#### Given data
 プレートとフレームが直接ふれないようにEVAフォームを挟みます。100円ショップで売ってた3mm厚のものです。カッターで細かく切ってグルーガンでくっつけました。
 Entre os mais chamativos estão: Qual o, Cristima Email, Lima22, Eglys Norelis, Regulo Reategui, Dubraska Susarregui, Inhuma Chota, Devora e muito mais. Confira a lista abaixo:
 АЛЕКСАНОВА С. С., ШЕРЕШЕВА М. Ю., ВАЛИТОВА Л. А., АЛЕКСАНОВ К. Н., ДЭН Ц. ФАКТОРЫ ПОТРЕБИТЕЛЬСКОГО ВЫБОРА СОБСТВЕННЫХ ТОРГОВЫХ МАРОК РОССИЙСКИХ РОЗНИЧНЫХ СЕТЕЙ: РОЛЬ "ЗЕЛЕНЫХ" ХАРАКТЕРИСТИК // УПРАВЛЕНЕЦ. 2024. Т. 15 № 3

* * *

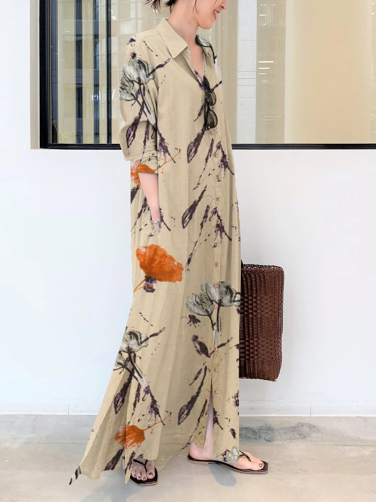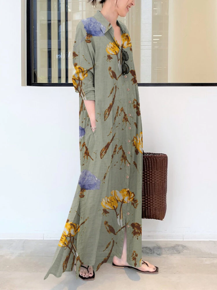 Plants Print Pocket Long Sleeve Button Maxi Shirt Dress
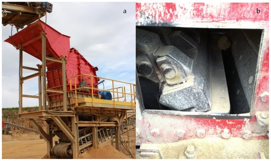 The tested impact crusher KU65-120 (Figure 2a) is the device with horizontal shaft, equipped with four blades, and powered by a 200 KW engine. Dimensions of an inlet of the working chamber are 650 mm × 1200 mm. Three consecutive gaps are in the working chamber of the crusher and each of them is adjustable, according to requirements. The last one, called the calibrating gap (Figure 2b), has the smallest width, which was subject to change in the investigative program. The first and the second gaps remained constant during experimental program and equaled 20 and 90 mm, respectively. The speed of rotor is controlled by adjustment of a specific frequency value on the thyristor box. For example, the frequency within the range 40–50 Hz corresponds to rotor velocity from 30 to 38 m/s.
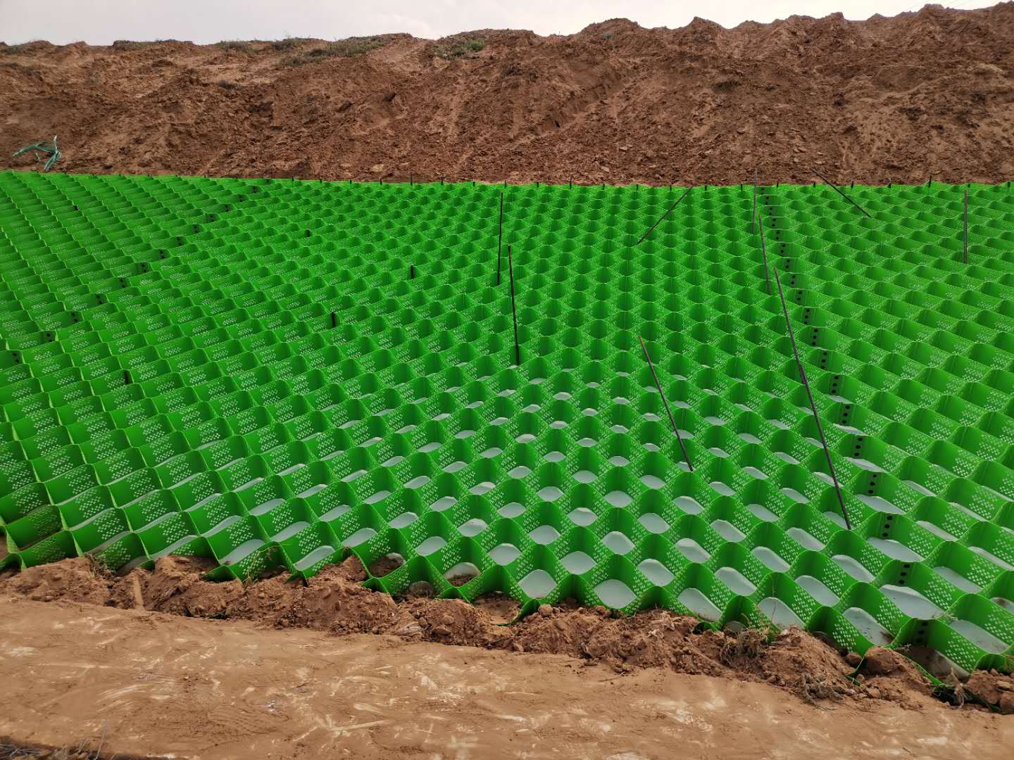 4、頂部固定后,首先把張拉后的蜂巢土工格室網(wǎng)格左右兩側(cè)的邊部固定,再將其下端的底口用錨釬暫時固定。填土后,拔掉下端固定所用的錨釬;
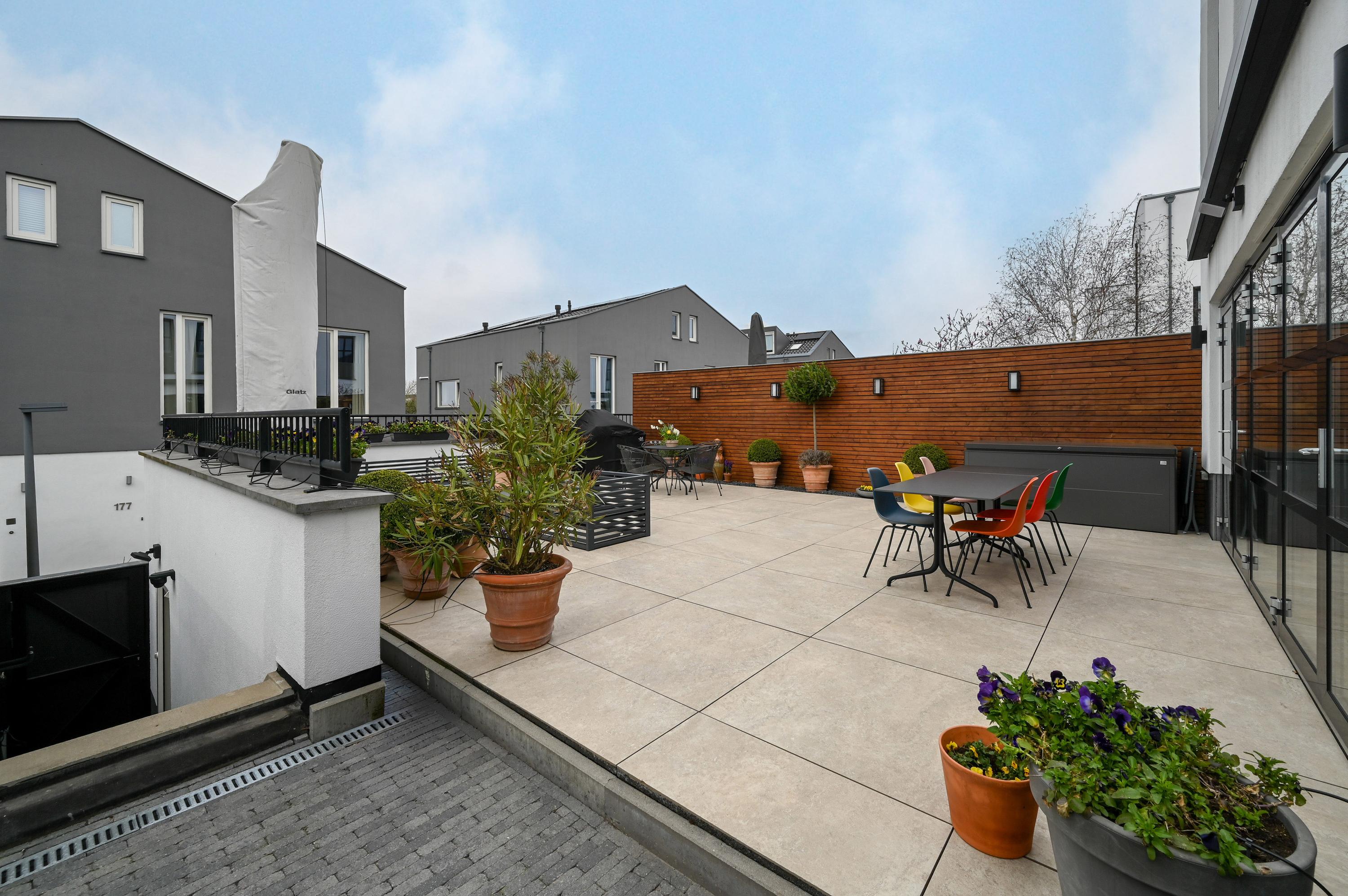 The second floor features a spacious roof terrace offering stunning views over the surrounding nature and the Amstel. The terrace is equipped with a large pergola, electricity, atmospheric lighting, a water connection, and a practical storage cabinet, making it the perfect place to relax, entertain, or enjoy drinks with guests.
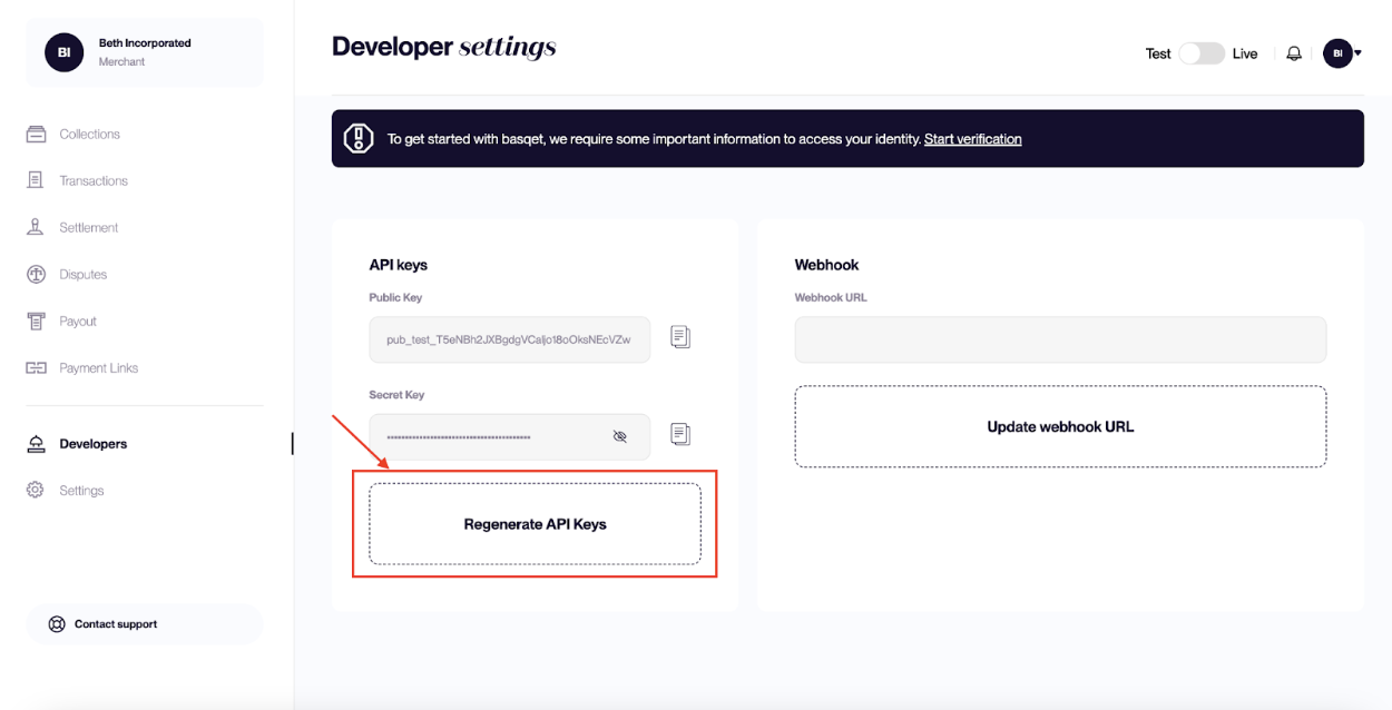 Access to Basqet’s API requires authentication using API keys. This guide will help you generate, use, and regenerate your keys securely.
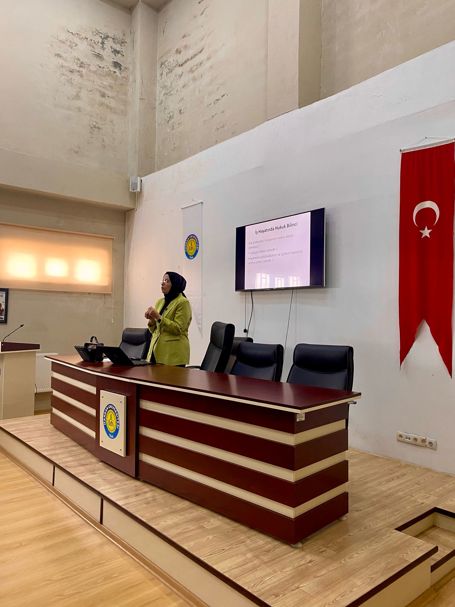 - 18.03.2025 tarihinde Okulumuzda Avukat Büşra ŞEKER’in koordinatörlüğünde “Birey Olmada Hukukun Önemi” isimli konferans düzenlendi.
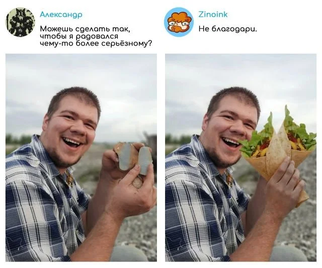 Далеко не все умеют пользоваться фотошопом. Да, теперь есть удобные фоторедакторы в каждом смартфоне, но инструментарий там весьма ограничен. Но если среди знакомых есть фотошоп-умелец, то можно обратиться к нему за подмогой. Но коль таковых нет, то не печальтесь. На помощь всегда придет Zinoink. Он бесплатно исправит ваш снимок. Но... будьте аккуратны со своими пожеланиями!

* * *

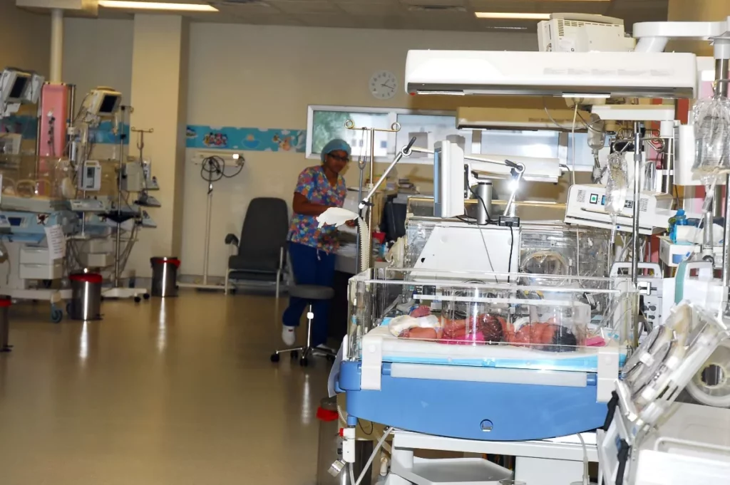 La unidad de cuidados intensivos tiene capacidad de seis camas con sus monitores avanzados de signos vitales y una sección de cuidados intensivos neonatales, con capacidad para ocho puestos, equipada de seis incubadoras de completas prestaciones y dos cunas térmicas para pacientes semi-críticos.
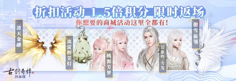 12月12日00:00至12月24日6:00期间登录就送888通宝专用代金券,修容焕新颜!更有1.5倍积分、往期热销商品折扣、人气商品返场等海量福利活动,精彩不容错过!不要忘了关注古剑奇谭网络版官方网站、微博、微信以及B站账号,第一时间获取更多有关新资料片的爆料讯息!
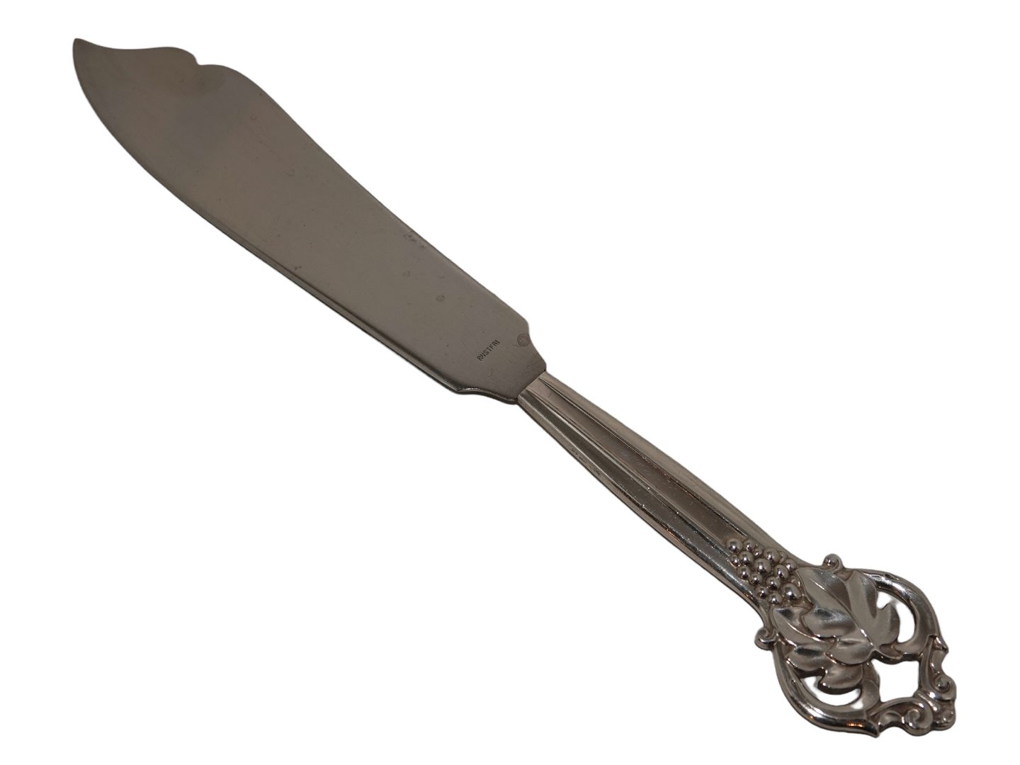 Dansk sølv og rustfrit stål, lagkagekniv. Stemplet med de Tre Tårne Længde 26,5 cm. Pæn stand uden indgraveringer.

#### Work required
Leaving all pictures out, output exactly the lines of the material above from the line with "La unidad de" to the line with "Dansk sølv og", both included.

#### Exercise output
 La unidad de cuidados intensivos tiene capacidad de seis camas con sus monitores avanzados de signos vitales y una sección de cuidados intensivos neonatales, con capacidad para ocho puestos, equipada de seis incubadoras de completas prestaciones y dos cunas térmicas para pacientes semi-críticos.
 12月12日00:00至12月24日6:00期间登录就送888通宝专用代金券,修容焕新颜!更有1.5倍积分、往期热销商品折扣、人气商品返场等海量福利活动,精彩不容错过!不要忘了关注古剑奇谭网络版官方网站、微博、微信以及B站账号,第一时间获取更多有关新资料片的爆料讯息!
 Dansk sølv og rustfrit stål, lagkagekniv. Stemplet med de Tre Tårne Længde 26,5 cm. Pæn stand uden indgraveringer.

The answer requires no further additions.